Monday, May 31, 2010

How I Know

There's a certain turning point in my learning process that I'm coming to recognize.

When I stop concentrating solely on what on earth something is supposed to mean, (and why textbook writers never explain anything with one sentence if they can use five, and why does it matter whether I learn this or not?), (all of these are important questions, but I've never found an answer to the second one), and start thinking about how I would explain it to someone else, then I know I'm beginning to get it.

This shift from learning to teaching never marks the end of learning. Usually when I ask myself how I would teach this principle or that idea, I don't have a good answer. This is good, because when I keep studying in order to teach, the textbook seems like it's been rewritten in a way that actually makes sense. I think there's a secret dimension of knowledge in every book that hides in the binding and only leaks out when you read the book as a teacher and not a student.

I think it's this shift in perspective that let me do as well as I did in College Algebra this semester.

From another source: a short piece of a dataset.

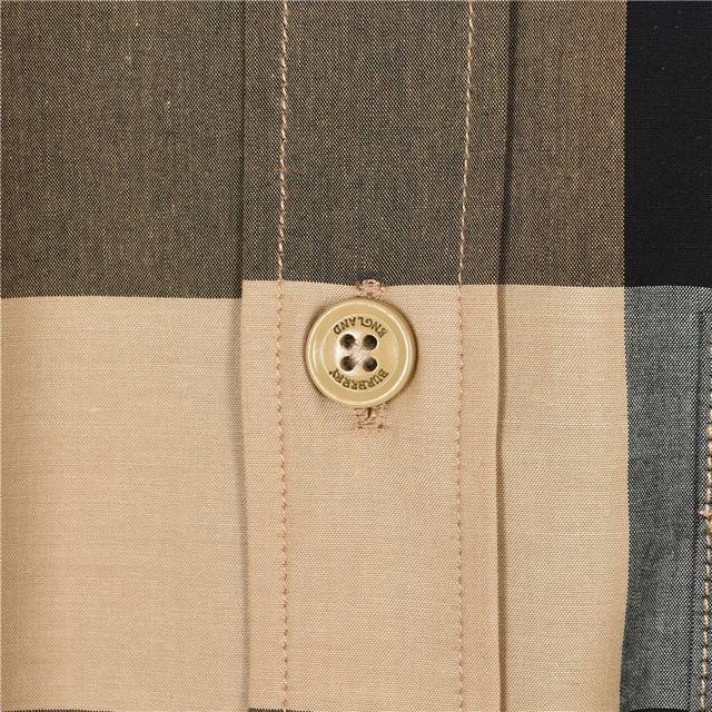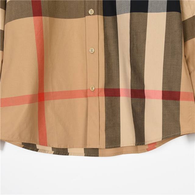 Burberry Classic Large Check Shirt (Ddd). Custom-made to match the original, using 20-count combed cotton single-thread yarn. All yarns are custom-dyed, and the final weave method is determined. The check pattern, size, and line thickness all meet the Y-version standard, and the fabric has no tail slant. Infrared cutting ensures accurate stripe and check alignment for each piece, guaranteeing the quality of the bulk order. Custom-made Tarobe oil-sealed spray-painted buttons have a natural shine, unlike market versions which use resin buttons. Thinning is applied to the cut pieces, collar, collar stand, and cuffs. All pieces are precisely aligned using infrared laser positioning. Each size is a pre-cut piece, with the front panel, pockets, and sleeves all aligned. This process is time-consuming and resource-intensive, resulting in a classic, simple, and high-end look. The fabric is comfortable and soft yet structured. Top-tier imported version, sold freely without fear of quality pressure! Colors: Khaki, Blue, Gray. Sizes: S-XL.

The girl who sat next to me somehow got the idea that I knew what I was doing and asked me questions about the material before every class. I usually didn't have a good answer, but she kept asking me, and so it was like being kicked right into that turning point. I don't know if I actually helped her, but I'm certain that she helped me.

1 comment:

  1. Hmm - I think I need to have my kids do the teaching more often! It's a principle that I know, but haven't applied very often to doing school with the kids. Thanks for reminding me!